A pesar de ser el XX un siglo de la paz, según afirmación de Manuel Caballero, el 04F de 1992 un personajillo con rango de Teniente-coronel logró romperla. Fue derrotado pero dotó de armamento al malandraje. Desde el gobierno diseminó poder de fuego entre todo retoño de la Corte de los Milagros. Construyó guaridas donde moran quienes asesinan por un reloj, por un celular o porque no le gustó como quedó el arreglo del pantalón.

También vino la trampa del golpe militar ¿concertado?  y el falso vacío de poder de abril de 2002; el paro nacional con significación en la industria petrolera, la represión contra cívicas protestas con saldo de heridos, lisiados y muertos; el apartheid emparentado con genocidio de las listas de Tascón y Maisanta, acompañadas de inescrupulosos manejos del sistema de votación por parte del Poder Electoral.

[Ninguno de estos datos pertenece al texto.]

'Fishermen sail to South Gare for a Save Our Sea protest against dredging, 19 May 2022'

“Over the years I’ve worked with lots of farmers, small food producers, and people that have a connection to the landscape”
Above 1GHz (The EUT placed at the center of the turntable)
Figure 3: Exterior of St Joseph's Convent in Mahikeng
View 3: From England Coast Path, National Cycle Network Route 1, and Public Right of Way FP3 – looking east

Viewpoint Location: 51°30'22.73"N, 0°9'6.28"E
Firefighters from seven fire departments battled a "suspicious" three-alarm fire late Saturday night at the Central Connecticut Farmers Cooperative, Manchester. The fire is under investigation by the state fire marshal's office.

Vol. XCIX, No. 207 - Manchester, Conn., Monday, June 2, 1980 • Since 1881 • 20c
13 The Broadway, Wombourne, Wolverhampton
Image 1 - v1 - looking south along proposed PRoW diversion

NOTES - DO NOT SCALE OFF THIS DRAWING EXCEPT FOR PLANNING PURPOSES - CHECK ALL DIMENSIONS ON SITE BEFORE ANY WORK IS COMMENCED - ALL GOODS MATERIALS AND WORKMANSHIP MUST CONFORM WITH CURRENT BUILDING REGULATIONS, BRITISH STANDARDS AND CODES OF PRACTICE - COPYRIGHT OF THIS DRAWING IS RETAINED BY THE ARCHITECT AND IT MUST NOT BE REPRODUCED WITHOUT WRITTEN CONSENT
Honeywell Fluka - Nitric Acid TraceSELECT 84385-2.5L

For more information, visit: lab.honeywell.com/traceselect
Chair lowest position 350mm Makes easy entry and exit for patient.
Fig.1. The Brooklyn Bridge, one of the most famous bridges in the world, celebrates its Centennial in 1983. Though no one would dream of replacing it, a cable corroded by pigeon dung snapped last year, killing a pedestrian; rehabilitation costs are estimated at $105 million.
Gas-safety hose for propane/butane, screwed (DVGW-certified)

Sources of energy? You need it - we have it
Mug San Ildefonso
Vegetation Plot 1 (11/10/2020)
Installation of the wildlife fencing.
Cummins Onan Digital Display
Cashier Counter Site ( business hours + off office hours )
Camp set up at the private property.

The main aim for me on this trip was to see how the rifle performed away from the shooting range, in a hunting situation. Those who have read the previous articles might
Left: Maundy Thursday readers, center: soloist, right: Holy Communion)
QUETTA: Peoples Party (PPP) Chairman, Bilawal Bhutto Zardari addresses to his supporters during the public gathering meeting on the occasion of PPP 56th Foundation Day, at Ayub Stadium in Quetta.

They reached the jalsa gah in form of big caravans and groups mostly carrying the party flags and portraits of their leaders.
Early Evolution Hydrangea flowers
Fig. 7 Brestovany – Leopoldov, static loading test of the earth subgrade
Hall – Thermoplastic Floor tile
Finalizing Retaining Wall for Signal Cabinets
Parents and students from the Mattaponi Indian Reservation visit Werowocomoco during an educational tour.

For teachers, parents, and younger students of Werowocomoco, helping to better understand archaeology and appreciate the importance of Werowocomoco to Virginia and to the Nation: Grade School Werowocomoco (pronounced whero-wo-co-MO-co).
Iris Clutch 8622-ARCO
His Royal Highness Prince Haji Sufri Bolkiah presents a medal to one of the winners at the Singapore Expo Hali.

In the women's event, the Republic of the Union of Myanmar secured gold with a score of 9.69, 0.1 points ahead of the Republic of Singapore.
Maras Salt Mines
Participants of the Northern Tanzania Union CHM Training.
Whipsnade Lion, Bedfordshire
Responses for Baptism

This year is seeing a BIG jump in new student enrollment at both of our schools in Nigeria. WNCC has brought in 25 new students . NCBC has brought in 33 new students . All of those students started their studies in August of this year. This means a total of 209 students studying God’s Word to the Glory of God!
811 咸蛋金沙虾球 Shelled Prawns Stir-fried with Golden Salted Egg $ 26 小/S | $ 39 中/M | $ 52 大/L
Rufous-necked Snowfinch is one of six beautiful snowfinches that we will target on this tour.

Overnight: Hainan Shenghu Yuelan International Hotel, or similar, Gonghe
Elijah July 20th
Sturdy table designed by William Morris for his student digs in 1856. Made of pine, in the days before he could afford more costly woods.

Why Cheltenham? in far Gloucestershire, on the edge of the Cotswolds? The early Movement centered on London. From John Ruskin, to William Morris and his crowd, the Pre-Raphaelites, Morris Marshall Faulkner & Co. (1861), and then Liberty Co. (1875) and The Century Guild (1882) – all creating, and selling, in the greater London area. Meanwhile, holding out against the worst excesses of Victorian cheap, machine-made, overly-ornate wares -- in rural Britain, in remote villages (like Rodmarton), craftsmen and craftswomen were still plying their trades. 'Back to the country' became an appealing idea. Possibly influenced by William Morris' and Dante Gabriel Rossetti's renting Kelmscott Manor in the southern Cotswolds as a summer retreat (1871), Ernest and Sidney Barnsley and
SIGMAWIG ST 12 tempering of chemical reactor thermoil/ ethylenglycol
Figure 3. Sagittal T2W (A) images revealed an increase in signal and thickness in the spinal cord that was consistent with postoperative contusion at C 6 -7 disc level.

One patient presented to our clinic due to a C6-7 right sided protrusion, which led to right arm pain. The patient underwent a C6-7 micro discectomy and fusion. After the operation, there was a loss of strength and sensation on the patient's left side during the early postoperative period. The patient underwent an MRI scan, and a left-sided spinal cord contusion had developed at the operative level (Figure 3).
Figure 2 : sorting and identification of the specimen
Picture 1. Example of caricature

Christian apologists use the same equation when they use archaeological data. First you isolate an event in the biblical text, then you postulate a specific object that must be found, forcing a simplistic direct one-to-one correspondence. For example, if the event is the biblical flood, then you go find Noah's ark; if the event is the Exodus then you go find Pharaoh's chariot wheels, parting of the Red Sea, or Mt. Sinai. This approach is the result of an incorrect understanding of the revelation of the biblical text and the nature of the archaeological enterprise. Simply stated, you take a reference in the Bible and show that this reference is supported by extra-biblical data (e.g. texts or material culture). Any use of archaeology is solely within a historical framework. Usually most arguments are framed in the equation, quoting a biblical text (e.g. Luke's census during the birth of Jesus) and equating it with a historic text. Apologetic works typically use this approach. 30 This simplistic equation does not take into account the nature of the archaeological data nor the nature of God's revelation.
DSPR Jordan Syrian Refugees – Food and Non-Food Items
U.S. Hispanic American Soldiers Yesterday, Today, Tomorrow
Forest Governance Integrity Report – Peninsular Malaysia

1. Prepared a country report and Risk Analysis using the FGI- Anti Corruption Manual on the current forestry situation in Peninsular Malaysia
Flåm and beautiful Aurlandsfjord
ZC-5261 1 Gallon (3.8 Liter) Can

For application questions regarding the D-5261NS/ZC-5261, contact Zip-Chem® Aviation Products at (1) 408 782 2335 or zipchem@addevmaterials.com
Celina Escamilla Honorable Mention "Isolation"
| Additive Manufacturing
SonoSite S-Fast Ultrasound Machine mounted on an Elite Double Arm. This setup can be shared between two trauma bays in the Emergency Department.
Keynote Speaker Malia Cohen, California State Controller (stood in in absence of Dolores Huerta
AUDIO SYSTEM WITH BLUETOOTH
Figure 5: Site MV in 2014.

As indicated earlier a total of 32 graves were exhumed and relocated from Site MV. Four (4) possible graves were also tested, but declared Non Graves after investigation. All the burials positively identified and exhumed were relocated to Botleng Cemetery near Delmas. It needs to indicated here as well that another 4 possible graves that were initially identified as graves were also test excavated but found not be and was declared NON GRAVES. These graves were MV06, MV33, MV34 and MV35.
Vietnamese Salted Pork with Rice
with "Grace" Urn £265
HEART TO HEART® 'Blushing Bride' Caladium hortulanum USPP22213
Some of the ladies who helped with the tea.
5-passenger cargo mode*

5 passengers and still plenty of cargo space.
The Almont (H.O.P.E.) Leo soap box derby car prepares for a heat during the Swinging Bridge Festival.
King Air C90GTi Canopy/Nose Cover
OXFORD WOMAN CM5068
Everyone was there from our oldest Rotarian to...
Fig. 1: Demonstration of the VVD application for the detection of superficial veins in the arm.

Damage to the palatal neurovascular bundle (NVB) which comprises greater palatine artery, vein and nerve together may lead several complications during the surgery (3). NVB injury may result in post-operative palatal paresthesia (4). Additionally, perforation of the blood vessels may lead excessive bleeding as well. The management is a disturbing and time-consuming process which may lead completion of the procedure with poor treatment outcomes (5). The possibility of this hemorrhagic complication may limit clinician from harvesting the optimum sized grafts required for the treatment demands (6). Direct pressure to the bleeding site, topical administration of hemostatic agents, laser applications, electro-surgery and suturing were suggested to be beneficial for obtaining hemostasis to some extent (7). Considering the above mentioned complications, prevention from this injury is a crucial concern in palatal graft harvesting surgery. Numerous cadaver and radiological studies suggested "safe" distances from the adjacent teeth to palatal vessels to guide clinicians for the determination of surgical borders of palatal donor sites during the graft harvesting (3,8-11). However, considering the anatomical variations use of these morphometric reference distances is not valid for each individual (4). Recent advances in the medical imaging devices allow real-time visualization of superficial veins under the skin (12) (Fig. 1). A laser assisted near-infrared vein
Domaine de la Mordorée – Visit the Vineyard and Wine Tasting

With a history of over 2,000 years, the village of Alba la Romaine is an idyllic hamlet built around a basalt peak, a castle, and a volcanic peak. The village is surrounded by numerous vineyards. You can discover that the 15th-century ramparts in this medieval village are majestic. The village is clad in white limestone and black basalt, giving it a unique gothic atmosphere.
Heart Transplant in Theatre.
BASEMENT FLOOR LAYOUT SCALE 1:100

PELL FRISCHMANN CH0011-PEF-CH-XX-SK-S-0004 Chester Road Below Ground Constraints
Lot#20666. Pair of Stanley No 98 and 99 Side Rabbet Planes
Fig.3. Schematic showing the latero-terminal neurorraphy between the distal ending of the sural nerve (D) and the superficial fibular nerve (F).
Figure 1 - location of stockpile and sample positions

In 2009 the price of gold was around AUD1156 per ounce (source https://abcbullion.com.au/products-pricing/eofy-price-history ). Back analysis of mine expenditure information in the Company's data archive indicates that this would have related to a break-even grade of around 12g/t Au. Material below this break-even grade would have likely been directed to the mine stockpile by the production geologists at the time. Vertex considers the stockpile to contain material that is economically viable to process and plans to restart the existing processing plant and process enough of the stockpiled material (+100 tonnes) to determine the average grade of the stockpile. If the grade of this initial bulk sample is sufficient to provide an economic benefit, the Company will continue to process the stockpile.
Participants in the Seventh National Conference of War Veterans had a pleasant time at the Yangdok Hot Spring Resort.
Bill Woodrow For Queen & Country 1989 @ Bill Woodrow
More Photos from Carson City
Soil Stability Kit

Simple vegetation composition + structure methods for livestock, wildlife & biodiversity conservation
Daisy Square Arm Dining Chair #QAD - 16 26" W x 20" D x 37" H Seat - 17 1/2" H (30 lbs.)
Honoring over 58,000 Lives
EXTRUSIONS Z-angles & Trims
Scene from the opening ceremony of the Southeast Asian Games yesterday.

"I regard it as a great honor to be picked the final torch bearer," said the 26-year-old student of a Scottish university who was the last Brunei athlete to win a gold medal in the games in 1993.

Desde entonces la Nación transita escabrosa ruta. La sociedad enfrenta la arremetida comunista de un gobernante que, con posesionarse, legalizó el asalto a mano armada justificándolo con el hambre que pudieren estar pasando los hijos del delincuente.

El odio predicado nos desangra. Se ensaña contra la población joven, regodeándose entre quienes habitan en los sectores que en él depositaron su esperanza de redención. De allí que, cuando la opacidad que oculta la magnitud de los acontecimientos que nos conmocionan, más allá del asalto a las arcas del Estado, no ha de sorprendernos la condenatoria que caerá sobre los responsables y cómplices de la tragedia nacional que nos acongoja.

Porque si bien los principios democráticos informan e inspiran en el ciudadano la necesidad de reconciliación, rechazan la impunidad.